Molarity is a way to express how concentrated a solute is within a solution. It is defined by the number of moles of solute per liter (dm³) of solution. Calculating molarity is an essential skill in chemistry as it helps in determining the concentration of solutions.
For example, if you have 10 grams of urea in one liter of solution with a molecular mass of urea as 60 g/mol, then the number of moles of urea is calculated as \[ n = \frac{10}{60} \] mol. Consequently, the molarity of the urea solution, \(C_1\), becomes:\[ C_1 = \frac{1}{6} \] mol/dm³.
This process of calculating molarity allows chemists to precisely adjust solution concentrations for a variety of reactions and experiments.
Remember, if the volume of the solution changes, so does the molarity, because molarity relies on the volume of the solution.

Determining the molecular mass of an unknown solute is often a necessary step in identifying chemical compounds. Molecular mass can be deduced from various experimental techniques, one of which is through osmotic pressure in isotonic solutions.

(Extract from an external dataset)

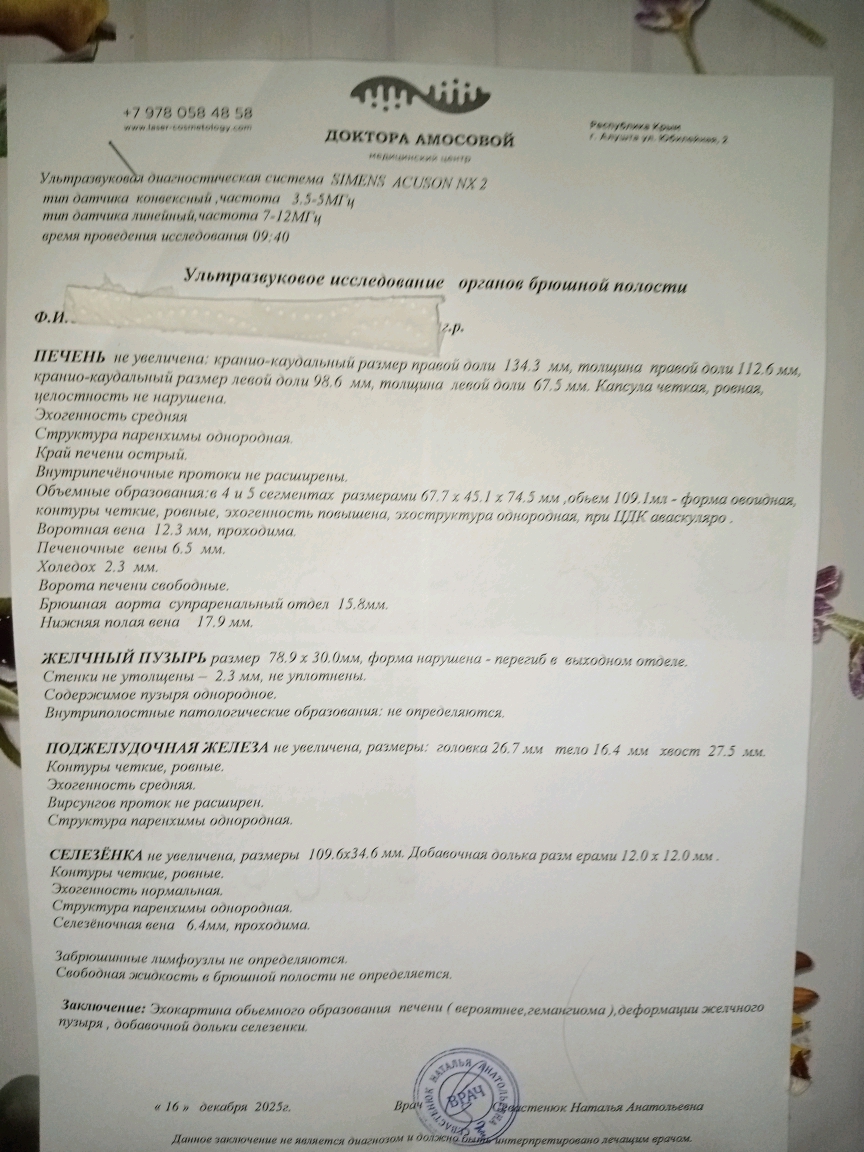 Заключение КТ: Гемангиома, множественные кисты печени.… |

In our exercise, after obtaining the molarity of the urea solution, we use the isotonic property to find the molarity of the unknown solution. This allows us to set up an equation to solve for the molecular mass of the unknown solute, \(M_x\).
For a 5% solution of the unknown, \(C_2\) is calculated as:\[ C_2 = \frac{50}{M_x} \] mol/dm³,where the assumption is that 5 grams of solute are dissolved in 100 mL of solution.
By equating \(C_1\) and \(C_2\) because they are isotonic, we cross-multiply to solve for \(M_x\). The result is\[ M_x = 50 \times 6 = 300 \]g/mol, giving us the molecular mass of the unknown solute. This method is both straightforward and practical when dealing with isotonic solutions.